Reputation: 77
I'm really new to R and I'm struggling quite a bit to understand some concepts. If someone could help me to understand how to calculate the average error rate over 10-fold CV. This is the code I have below. But the mean error rate is coming out to 1 even though I know that the answer should be 0.149. I believe that it might have something to do with my predicted probabilities, perhaps I calculated them wrong.
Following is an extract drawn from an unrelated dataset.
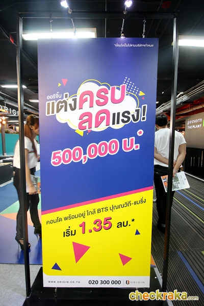 ออริจิ้น ก็ไม่พลาดที่จะเข้าร่วมงานนี้เช่นกัน ขนทัพ 15 โครงการ ราคาเริ่มต้น 1.35 ล้านบาท มาพร้อมแคมเปญ "แต่งครบ ลดแรง 500,000 บาท" ให้ผู้จองซื้อโครงการต่างๆ ในงานได้รับสิทธิส่วนลดสุดพิเศษ นอกจากนี้ ยังมีแคมเปญอื่นๆ อีกมากมายสำหรับแต่ละโครงการ อาทิ จอง 1 พัน ลุ้น 1 ล้าน อยู่ฟรี 1 ปี หรือจองปั๊บ รับ iPhone7

But if anyone notices something off in this code if you could point it out to me that would be great!
error_rate_value<-as.numeric()
for(i in 1:10){
fold_test <- training_data[folds[[i]],]
fold_train <- training_data[-folds[[i]],]
trained_model <- glm(O ~ T, data = fold_cv_train, family = binomial)
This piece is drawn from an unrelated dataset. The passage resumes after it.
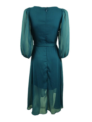 INC International Concepts Women's Printed Faux Wrap Dress Green Size Petite P

pred_prob <- predict(trained_model, fold_test, type='response')
glm.pred <- rep("Yes",dim(fold_test)[1])
glm.pred[pred_prob<.5] <- "No"
error_rate_fold <- mean(glm.pred != fold_test[,1])
error_rate_value <- append(error_rate_value, error_rate_fold)
}
mean(error_rate_value)
Upvotes: 1
Views: 232
Reputation: 77
I figured it out. My problem was that I was testing the wrong fold_test column. Changing that to the last column in my dataframe led to the correct answer!
Upvotes: 1